Nowadays, large scale optimization problems arise as a very interesting field of research, because they appear in many important new real-world problems (bio-computing, data mining, etc.). Unfortunately, the performance of most available optimization algorithms deteriorates rapidly as the dimensionality of the search space increases. Thus, the ability of being scalable for high-dimensional problems becomes an essential requirement for modern optimization algorithm approaches.
The aim of the special issue is to provide a forum to disseminate and discuss the way different EA and MH models respond to increase the dimensionality of continuous optimization problems. In concrete, this special issue has been conceived to serve as a double perspective:
- For the experiments, we have considered 19 scalable function optimization problems:
- 6 Funcionts: F1-F6 of the CEC'2008 test suite. A detailled description may be found in: K. Tang, X. Yao, P. N. Suganthan, C. MacNish, Y. P. Chen, C. M. Chen, and Z. Yang. Benchmark Functions for the CEC'2008 Special Session and Competition on Large Scale Global Optimization. Technical Report, Nature Inspired Computation and Applications Laboratory, USTC, China, 2007. (Source code).
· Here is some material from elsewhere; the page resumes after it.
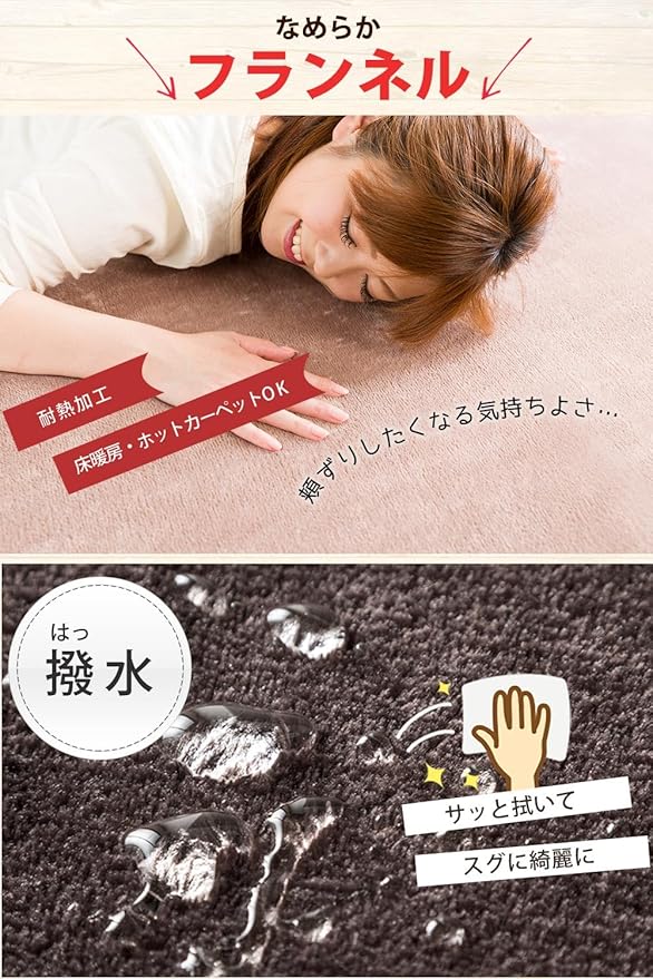 【 安全安心 カーペット 】防ダニ・抗菌・防臭仕様。滑り止めもついてずれにくい ラグ です。フローリング や 畳 など場所を選ばずに使用できます。【 洗える 】毛足は適度な長さなので 掃除 や 洗濯 も簡単です。【 オールシーズン快適 】きめ細かい フランネル 生地ですので 夏 も 冬 も快適に使用できます。ホットカーペット も対応しています。

- 5 Shifted Functions: Schwefel’s Problem 2.22 (F7), Schwefel’s Problem 1.2 (F8), Extended f10 (F9), Bohachevsky (F10), and Schaffer (F11). (Updated description) (Updated source code *May 20, 2010*).
- 8 Hybrid Composition Functions (F12-F19*): They are non-separable functions built by combining two functions belonging to the set of functions F1-F11 (F15 and F19* have been shifted). (Updated description) (Updated source code *May 20, 2010*).
Document with a complete description of the 19 test functions: Updated description F1-F19*.
- Each algorithm is run 25 times for each test function.
- The performance measures that should be provided are:
- Average of error of the best individuals found in the 25 runs. For a solution x, the error measure is defined as: f(x)-f(op), where op is the optimum of the function.
- Maximum error achieved in the 25 runs.
- Minimum error achieved in the 25 runs.
- Median of the error achieved in the 25 runs.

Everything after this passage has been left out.